Bipartisanship Is Not a Substitute for Voluntary Exchange

This article was originally published by Gary Galles at The Mises Institute. 

Besides using bipartisan comprehensive political reform as a cover for evasion and extortion, the many political abuses of posturing, window dressing, and maneuvering enabled do not exhaust the problems involved. Those problems are, instead, far more comprehensive, especially when it comes to the amount of usable information that is accessible, including accurate information about the true costs of government programs.

As Ludwig von Mises, Friedrich von Hayek, and many others have clearly laid out, centralizing decisions in the hands of politicians and bureaucrats requires that many valuable details of time, place, and circumstance, which can be known only to those directly involved, must be discarded from the decision-making process.

Substituting political determination for voluntary arrangements thereby throws away a great deal of wealth that could otherwise have been created based on that knowledge of valuable details. Just ask how much of your knowledge of what allows for more productive use of your resources would be incorporated into a government central plan. That problem gets worse the more comprehensive the government plan. While more extensive plans are always couched in assuring words, implying even more good deeds will be done, the fact is that the more “comprehensive” the political plan, the more comprehensive is the ignorance that will be imposed in place of usable knowledge, and the more wealth that will be destroyed. Potential mutual benefits at even more margins of choice will be disabled.

History is full of illustrations of the damage that can be wrought as a result, as can be recognized from the many examples of “the law of unintended consequences,” my favorite version of which is “Every government program creates adverse unintended consequences, and they always come as a surprise to the program’s creators.”

That is also one reason why the increasing federal domination of political decisions in the US, despite the federalism designed in the Constitution, makes the problems worse. Expanding the empowerment of Beltway politicians guarantees that even more of the details and the wide variations in situations and desires among individuals will be left out. At the same time, those stuck with the tab are given less ability to escape the burdens by voting with their feet because it is more costly, sometimes prohibitively more costly, to leave a larger abusive government jurisdiction than a smaller one.

The best summary of this issue I can recall is what Albert Jay Nock called a curious anomaly in Our Enemy, the State: “State power has an unbroken record of inability to do anything efficiently, economically, disinterestedly or honestly; yet when the slightest dissatisfaction arises . . . the aid of the agent least qualified to give aid is immediately called for.”

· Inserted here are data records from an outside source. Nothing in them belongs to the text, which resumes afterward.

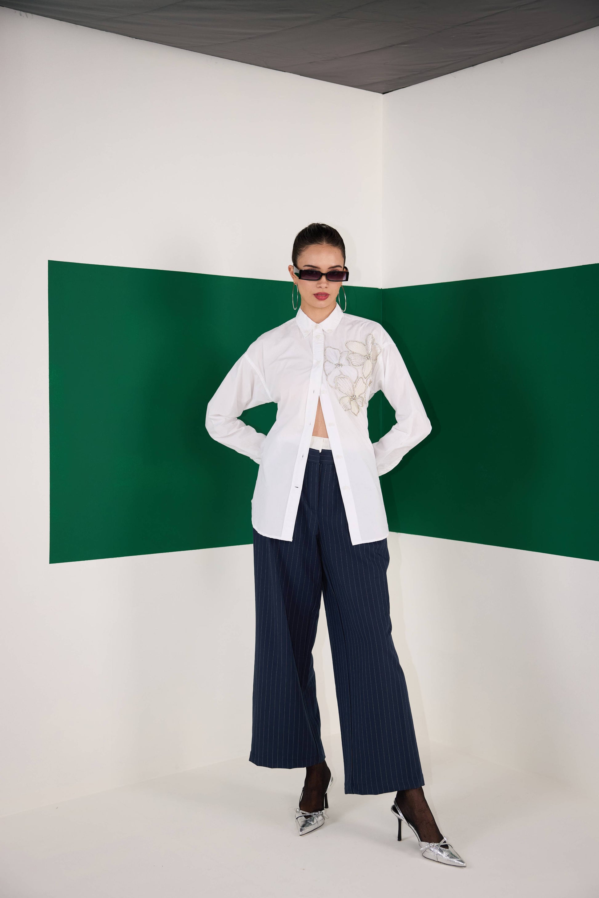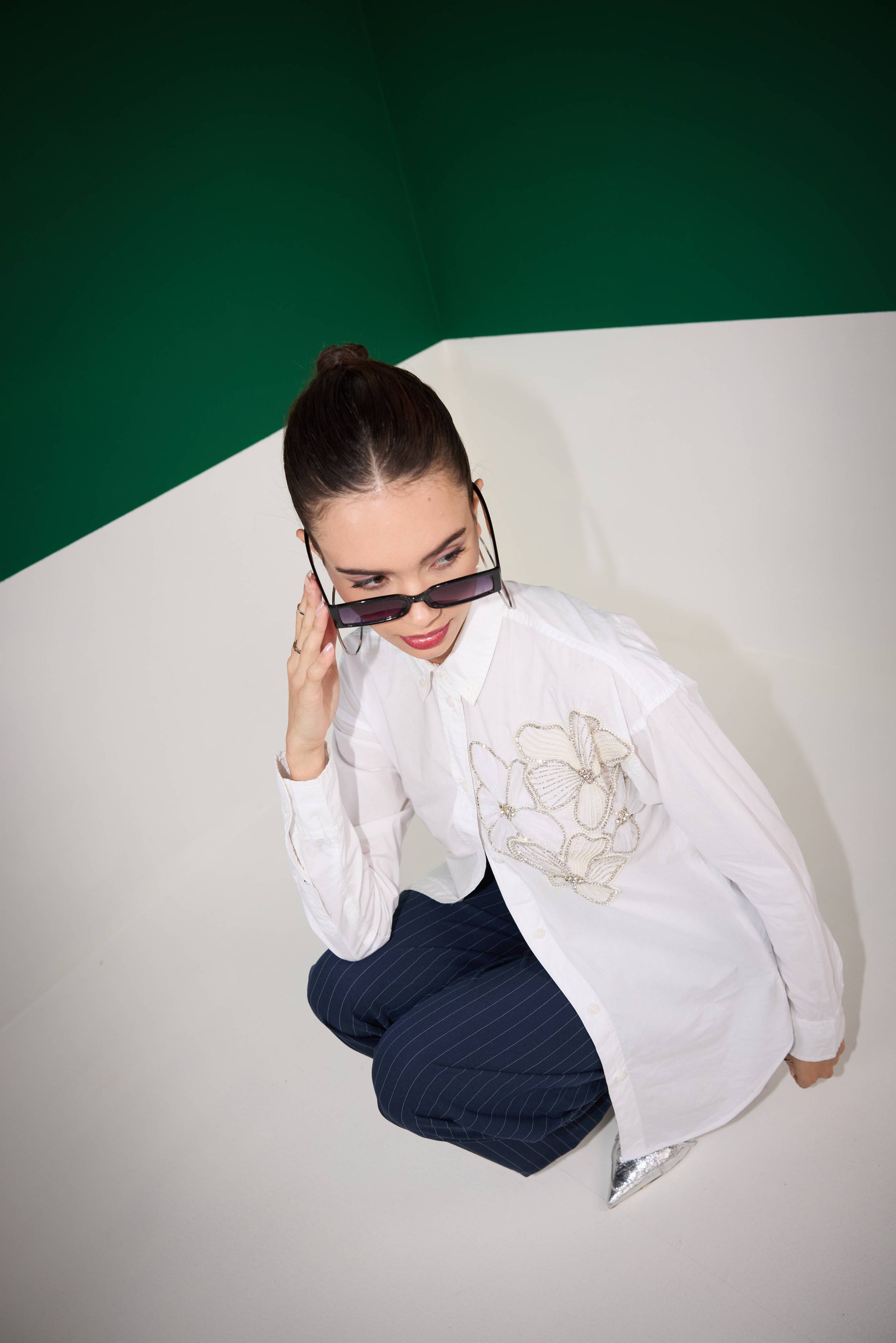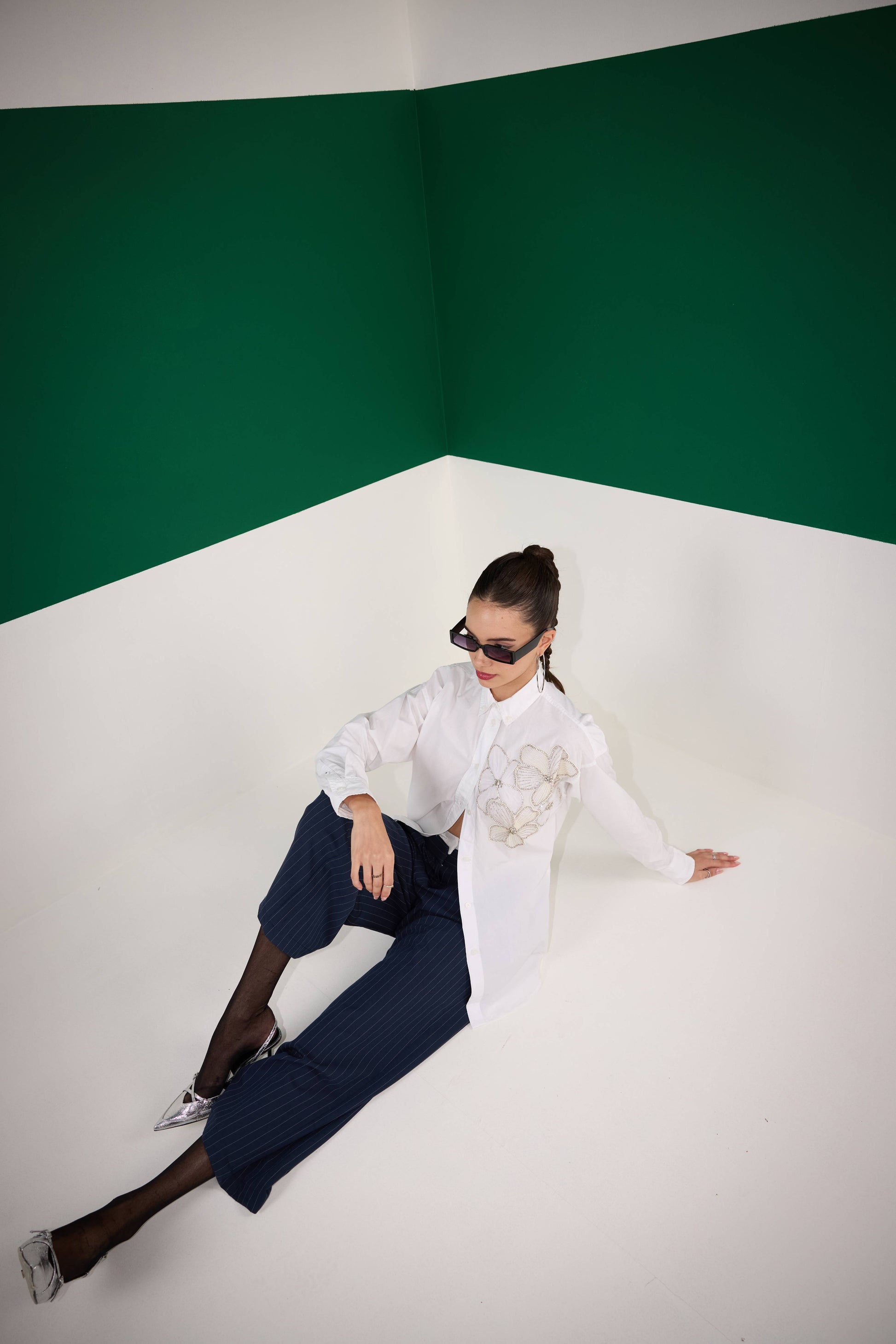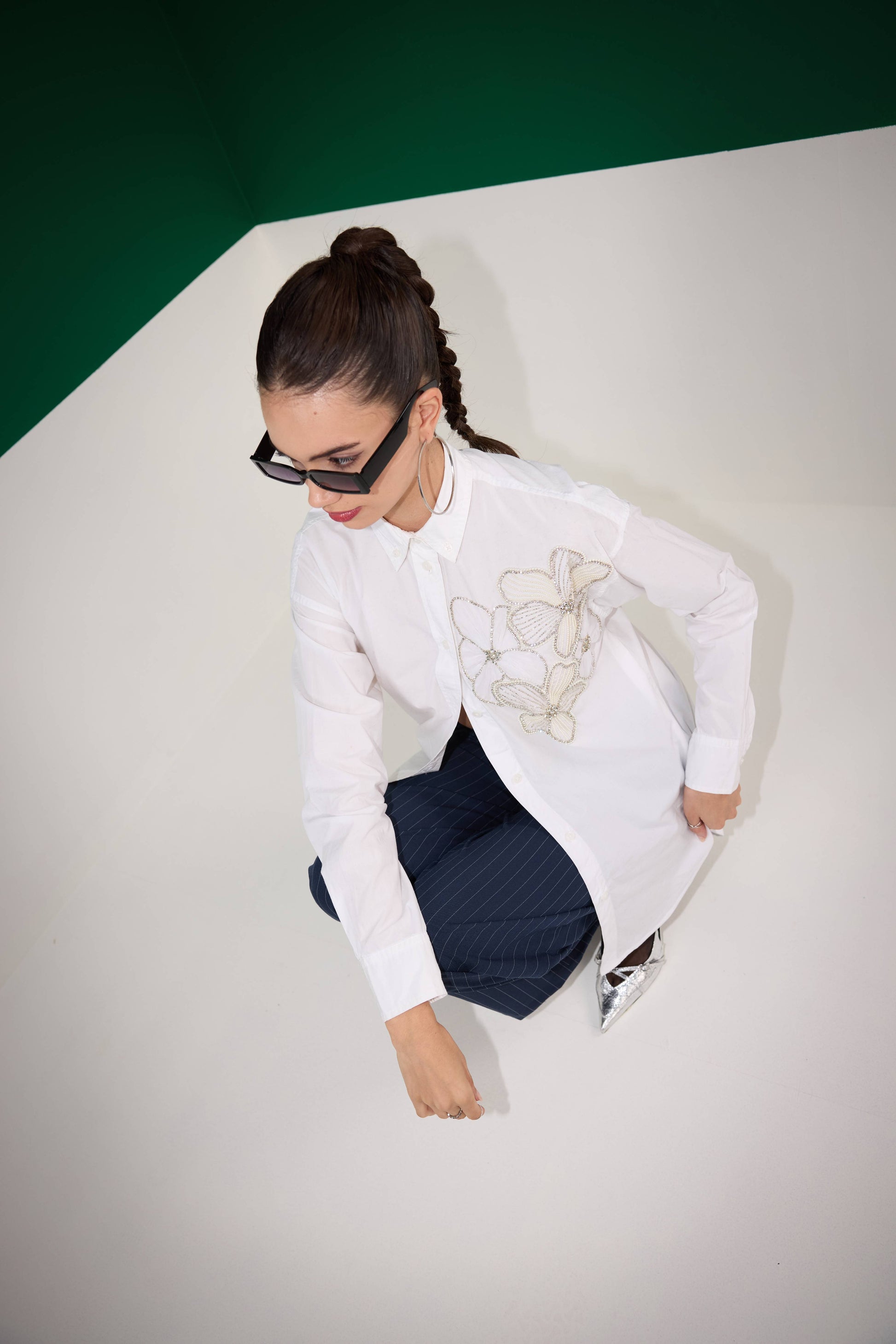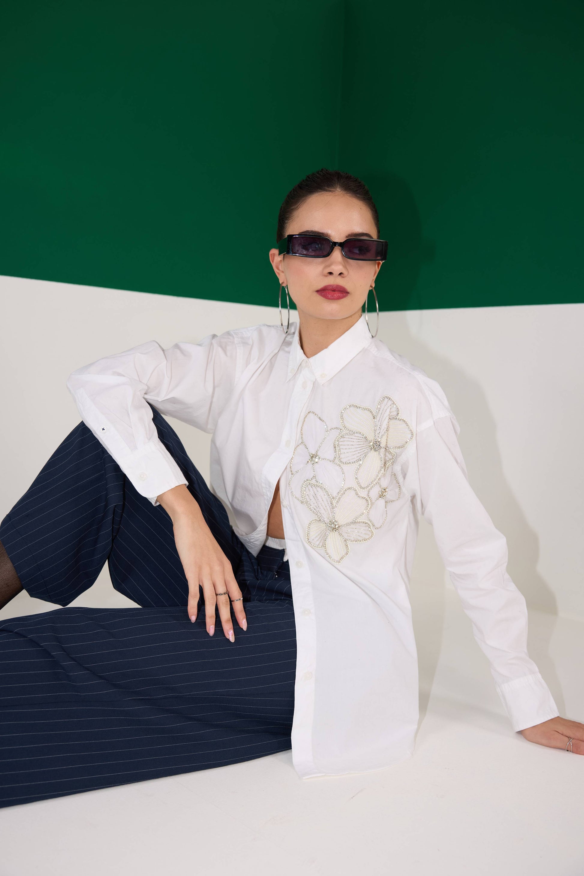 Shirt hand embroidered with Swarovski & Stones making a beautiful flower pattern
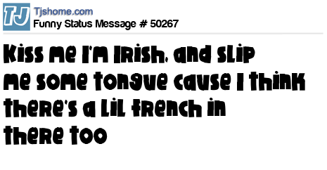 - # 165531 Kiss me I'm Irish, put a little tongue in it, I'm French too.
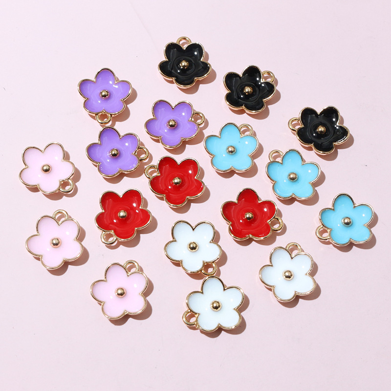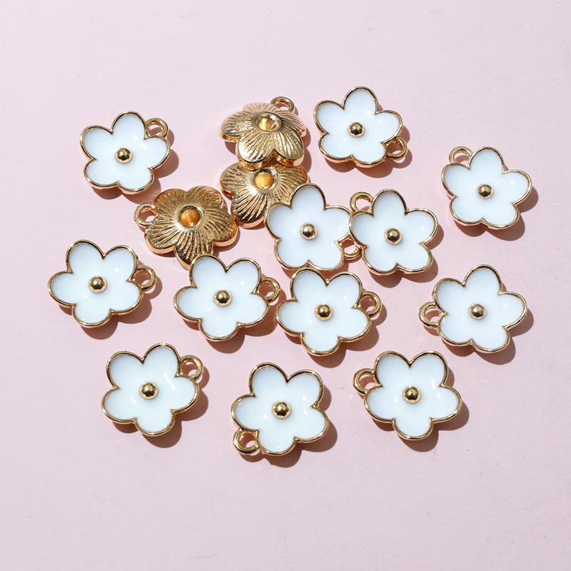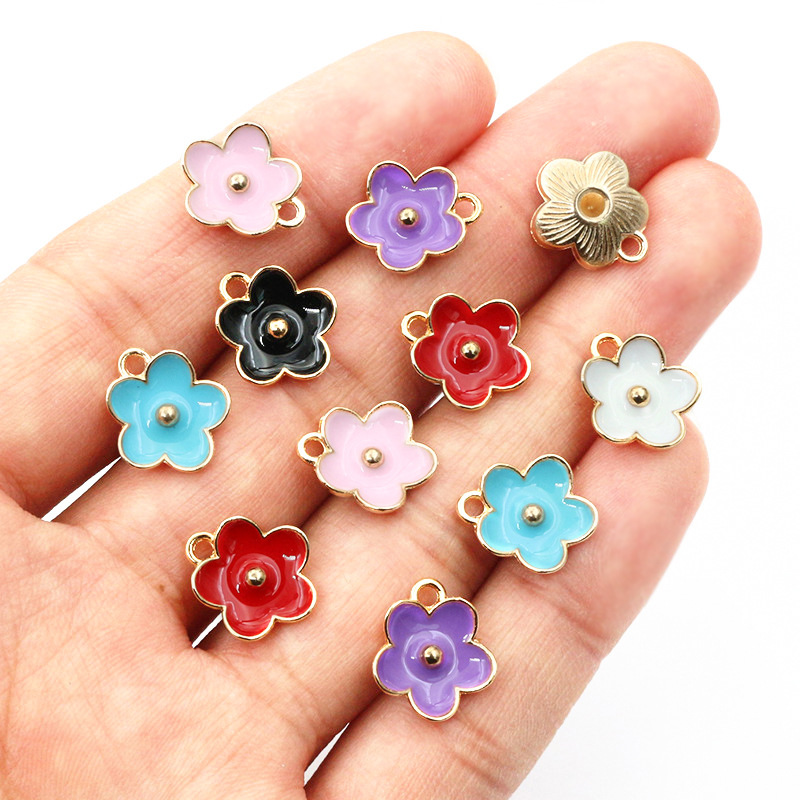 Zinc Alloy Enamel Pendants, Flower, gold color plated, DIY, more colors for choice, 13x11.5mm, 100PCs/Bag, Sold By Bag
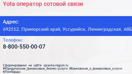 Yota, оператор сотовой связи по адресу 692512, Приморский край, Уссурийск, Ленинградская, 68Б в дальнейшем Организация, размещена в следующих категориях:
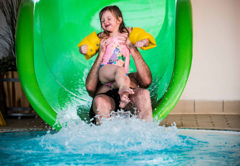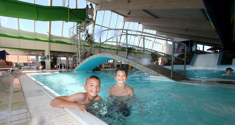 Das schöne Hallenbad bietet bei jedem Wetter herrliche Stunden. Wenn du Spaß im Wasser liebst, findest du hier die beliebte Rutsche, die sich aus dem Bad hinaus und wieder hinein windet, sowie ein Kinderbecken mit 29 Grad und ein Spaßbecken.
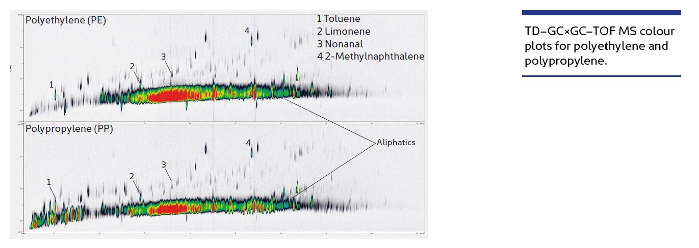 This study demonstrates the use of a discovery platform combining thermal desorption with GCxGC–TOF MS for comprehensive screening of emissions from plastics. The platform was used to uncover ‘hidden’ compounds that would have been overlooked using conventional GC–MS techniques.
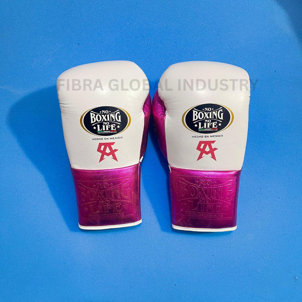 Mexikanische Leder Boxhandschuhe, Weiß & Rosa, Handgelenk...
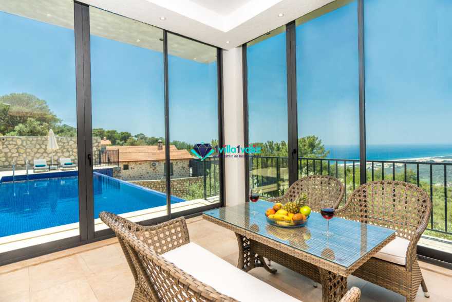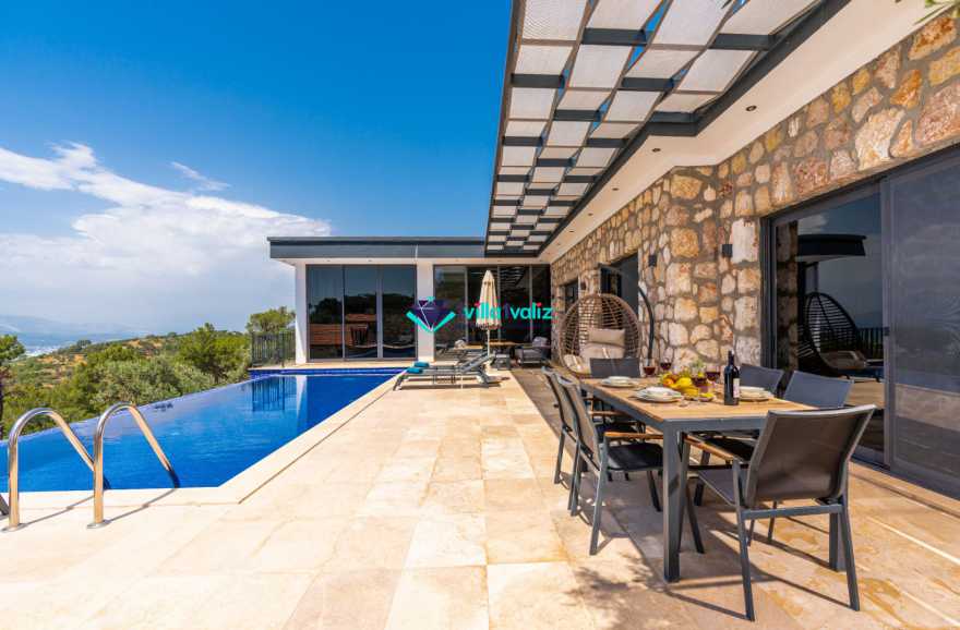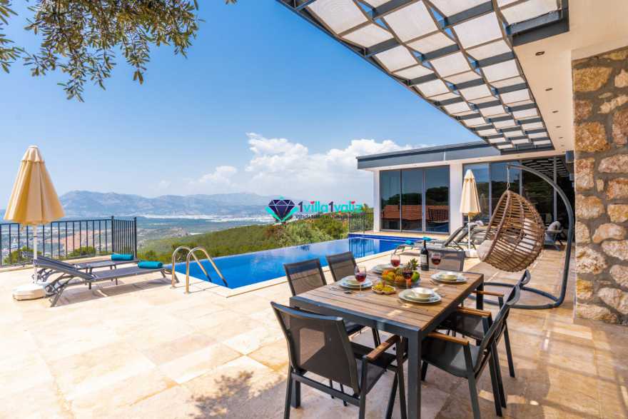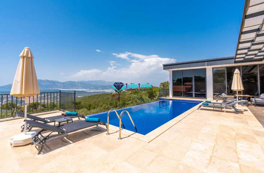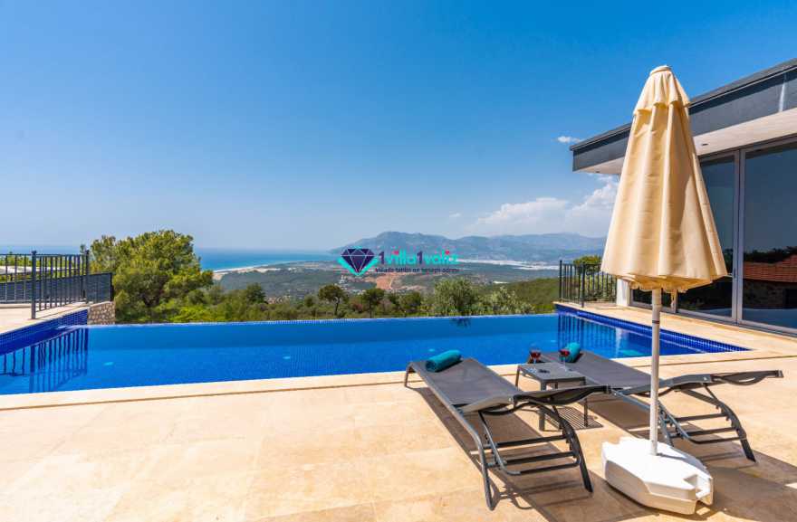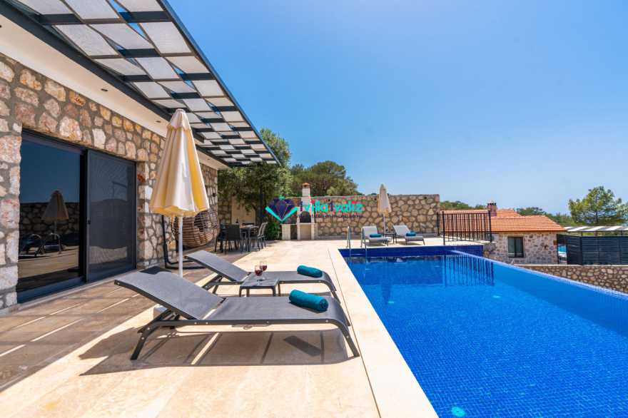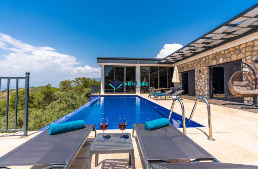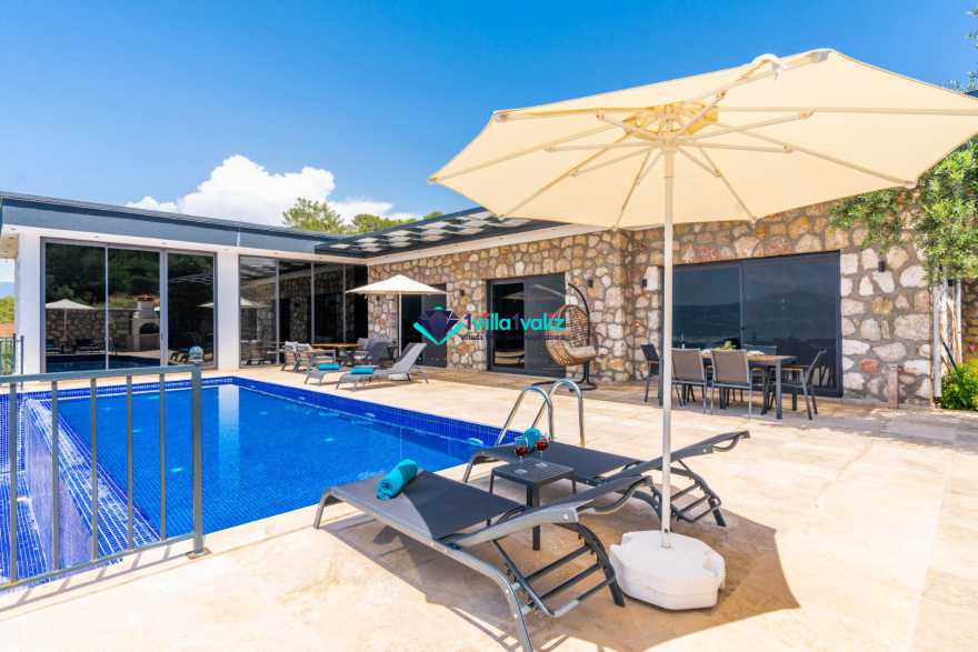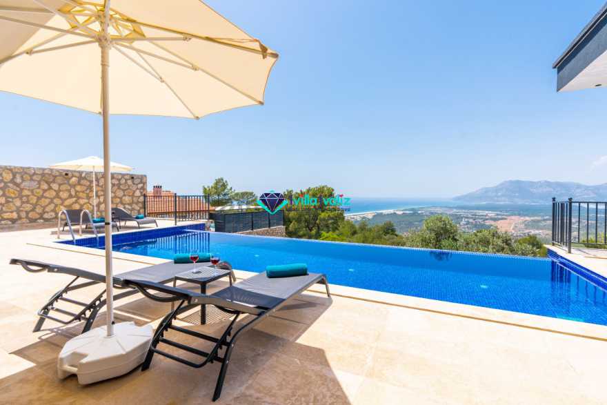 Villamız Kalkan Patara mevkiinde çam ağaçlarının arasında konumlanmıştır; doğa ve Patara denizi manzarasına panoramik açıdan sahip muhteşem villamızdır. Özel yüzme havuzu ve havuz terasında harika zamanlar geçirebileceğiniz gönlünüzce eğlenip güneşlenebileceğiniz bir ortama sahiptir. Villamızın etrafının korunaklı olması dolayısıyla havuz ve havuz terası dışarıdan gözükmemektedir.

Another all-but-ignored aspect of a government displacing its citizens from what they believe best advances their “life, liberty, and pursuit of happiness” is the wealth destroyed over and above the dollars that end up in government coffers. A government has no resources of its own, so what it spends, it must first commandeer from citizens (including citizens into the far future, as demonstrated by the national debt and far more massive underfunding of government promises and trust funds). As a consequence, each dollar of government spending costs Americans far more than a dollar because of what economists call the welfare cost or excess burden of taxation.

Beyond the resources taken from citizens for government coffers, tax wedges between what buyers pay and what sellers receive net of taxes destroy productive trades and the gains they would have created. A 20 percent tax would destroy trades that generated up to $1.20 in value per dollar spent. Raising it to 30 percent would also destroy trades generating between $1.20 and $1.30 per dollar spent, and so on. In 2006, Martin Feldstein estimated the excess burden at seventy-six cents per dollar of added tax revenue, when the US government was far smaller than today. If true, that estimate (not the highest estimate researchers have made) means one more dollar of government spending actually costs society $1.76. As a result, every dollar of additional government spending would have to generate more than $1.76 in benefits to conceivably improve Americans’ general welfare.

However, when have you ever heard any officeholder or office seeker seriously consider whether each dollar of government spending provides more than a dollar of benefits (or that those forced to pay the costs receive more in benefits than costs), much less the far higher actual social cost of funding government programs, in their sales pitch for growing government further? If you have never asked such a question, one good way to find out the answer is to check how often those costs have been included in an official government benefit-cost analysis, a technique that is supposed to guard against government misrepresentation.